→ Exercise description: Begin your copy at the line with "Как сделать салат" in the records below and end it at the line with "- 清潤不粘膩,不沾衣。日用香氛,嫩滑肌膚。", restating each line word for word; omit the pictures.

--*--

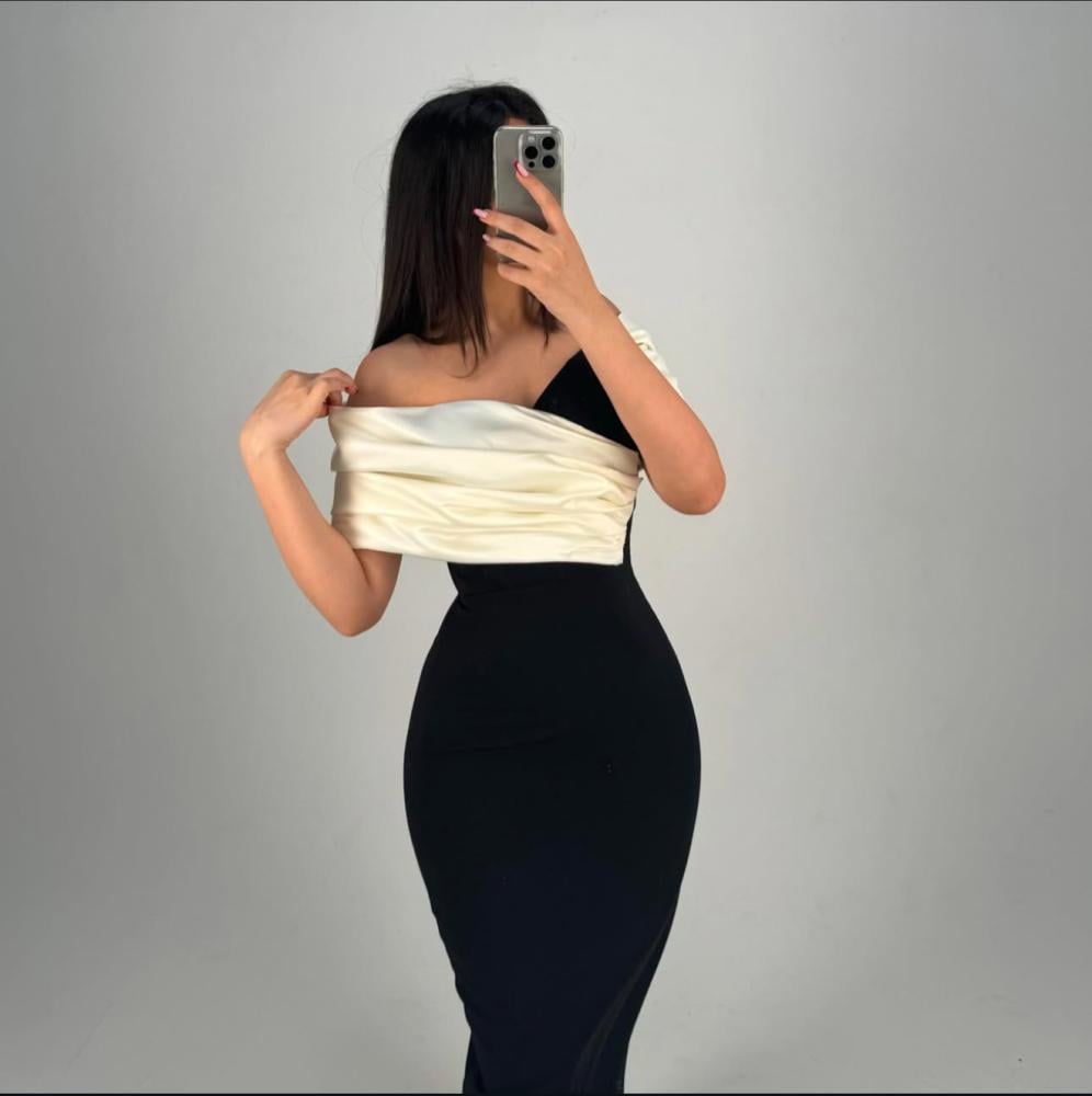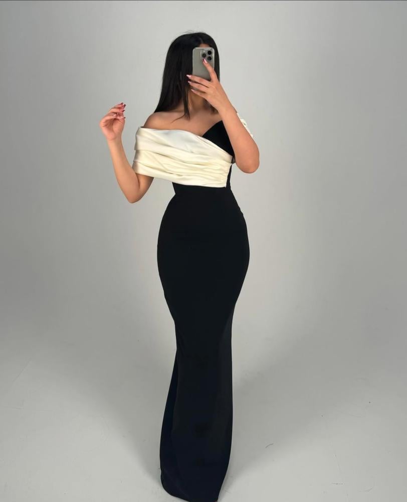فستان طويل ناعم لون اسود وسكري بقماش الكريب الاسترتش والتفته
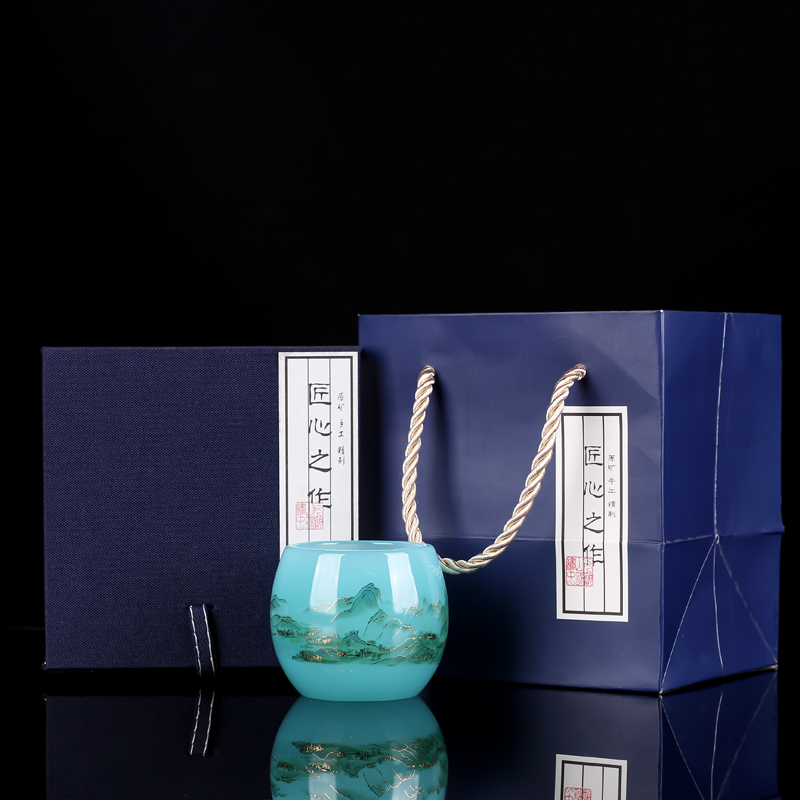 青苹果家用玻璃杯喝水杯子泡茶杯办公室有盖男女士水杯带把大容量
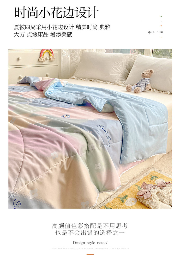 商品名称:寐居家纺 2022新款水洗棉小花边单夏被 五彩缤纷
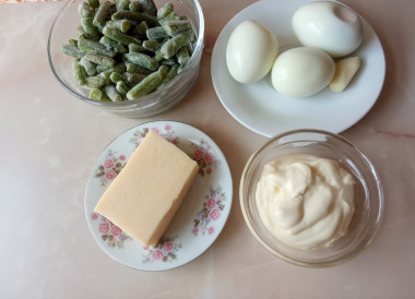 Как сделать салат с зеленой стручковой фасолью и яйцом? Подготовьте все необходимые ингредиенты. Яйца берите крупные, отборные. Желательно с ярким желтым желтом — так салат получится красивее. Стручковую фасоль можете использовать свежую или замороженную. Я использовала фасоль, замороженную целыми стручками, не резанную. Сыр берите своих любимых сортов, главное, чтобы он был качественным и вкусным.
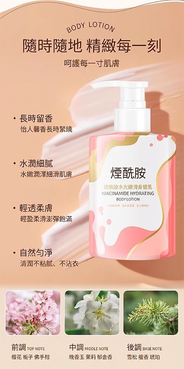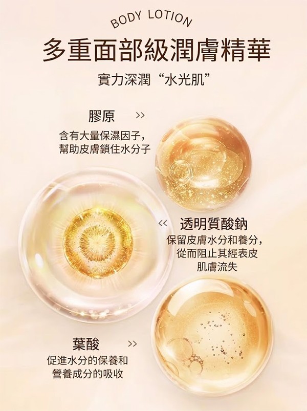 - 清潤不粘膩,不沾衣。日用香氛,嫩滑肌膚。
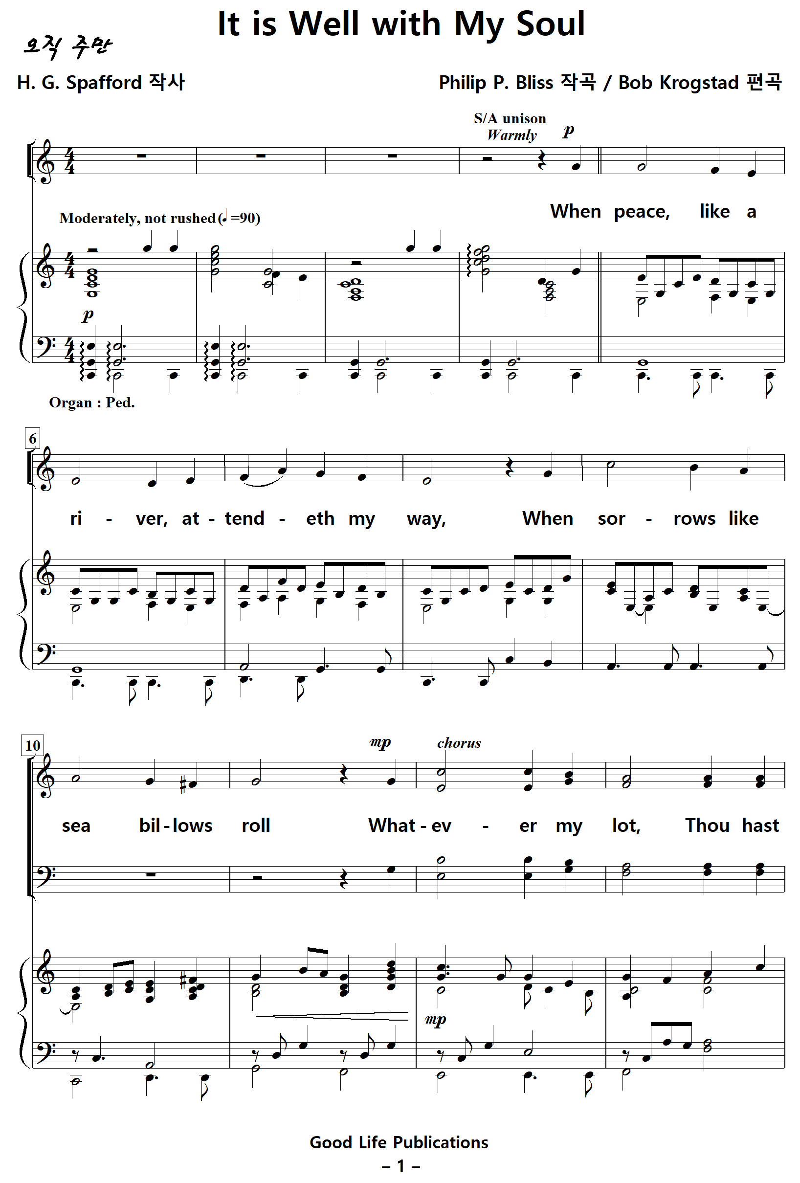 [찬양가사] It Is Well with My Soul / When peace, like a river [H. G. Spafford 작사, Philip P. Bliss 작곡, Bob Krogstad 편곡]

--*--

→ Solution to the problem:
 Как сделать салат с зеленой стручковой фасолью и яйцом? Подготовьте все необходимые ингредиенты. Яйца берите крупные, отборные. Желательно с ярким желтым желтом — так салат получится красивее. Стручковую фасоль можете использовать свежую или замороженную. Я использовала фасоль, замороженную целыми стручками, не резанную. Сыр берите своих любимых сортов, главное, чтобы он был качественным и вкусным.
 - 清潤不粘膩,不沾衣。日用香氛,嫩滑肌膚。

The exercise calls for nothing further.